Konya'nın Çumra ilçesi Okçu köyünde dünyaya gelen 41 yaşındaki Büyüksındır, çocukluğundan bu yana ilgi duyduğu okçulukla ilgili çeşitli müzelerdeki sanat eserlerini inceleyerek ve eski kaynakları okuyarak, ok üretimi için özel aletler tasarladı.

Ankara'nın Etimesgut ilçesi Eryaman Mahallesi'ndeki atölyesinde ata yadigarı okçuluğu, hak ettiği noktaya getirebilmek için yoğun mesai harcayan Büyüksındır, kendine özgü ekipmanlarıyla bir savaş sanatı olmasının yanı sıra kültürel miras olarak yüzlerce yıldır sürdürülen birikimlerini usta işi birer oka dönüştürüyor ve gelecek nesillere aktarıyor.

Büyüksındır, "Okçu Bekir" adıyla markalaşan ürünlerini Norveç, Lübnan, Yeni Zelanda, Avustralya ve Kanada'nın da arasında bulunduğu 34 ülkeye ihraç ediyor.

"Yaptığım okları dizilerde kullanmaya kıyamıyorlar"

Eserlerine rağbet olduğunu, "Diriliş Ertuğrul" ve "Kuruluş: Osman" gibi Türk-İslam tarihini anlatan televizyon dizileri için de özel ok ürettiğini söyleyen Büyüksındır, "Yaptığım okları genelde dizilerde kullanmıyorlar, kıyamıyorlar, duvara asıyorlar.
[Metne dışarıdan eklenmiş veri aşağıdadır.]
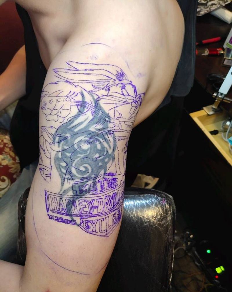 • H老虎花臂手稿图片 老虎个性纹身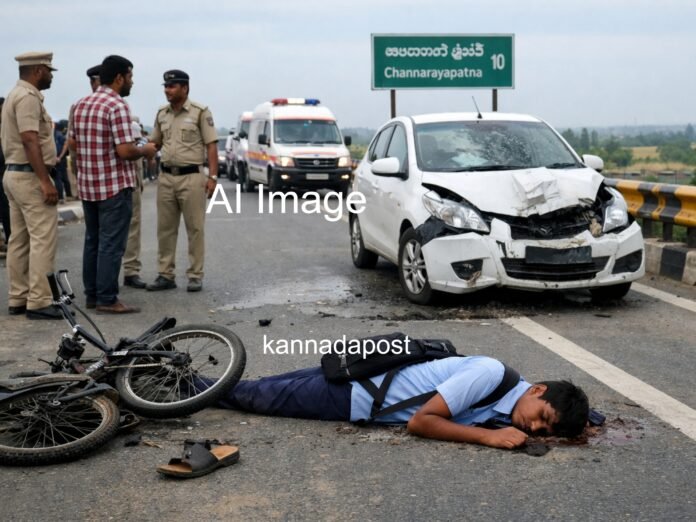 ಹೊನ್ನಶೆಟ್ಟಿಹಳ್ಳಿ ಗ್ರಾಮದ ಗಿರೀಶ್ ಅವರ ಪುತ್ರ ಸಂಜು ಅಜ್ಜಿ ಮನೆಯಿಂದ ಕಾಲೇಜಿಗೆ ಸೈಕಲ್ನಲ್ಲಿ ತೆರಳುತ್ತಿದ್ದು ರಸ್ತೆ ಕ್ರಾಸ್ ಮಾಡಲು ಹೋದ ವೇಳೆ ವೇಗವಾಗಿ ಬಂದ KA03-NL-6247 ನಂಬರ್ ಕಾರು ವಿದ್ಯಾರ್ಥಿಗೆ ಡಿಕ್ಕಿ ಹೊಡೆದಿದೆ. ಡಿಕ್ಕಿ ರಭಸಕ್ಕೆ ವಿದ್ಯಾರ್ಥಿ ಸ್ಥಳದಲ್ಲೇ ಮೃತಪಟ್ಟಿದ್ದಾನೆ.

Bu da benim için bir onur vesilesi." dedi.

Anadolu insanının genlerinde yüzyıllardır at sırtında ok atma, çocukluktan beri okla hasbihal etme olduğunu dile getiren Büyüksındır, "İnsanımız, bir vesileyle ok ve yayı gördüğü zaman bir şeyler canlanıyor." ifadelerini kullandı.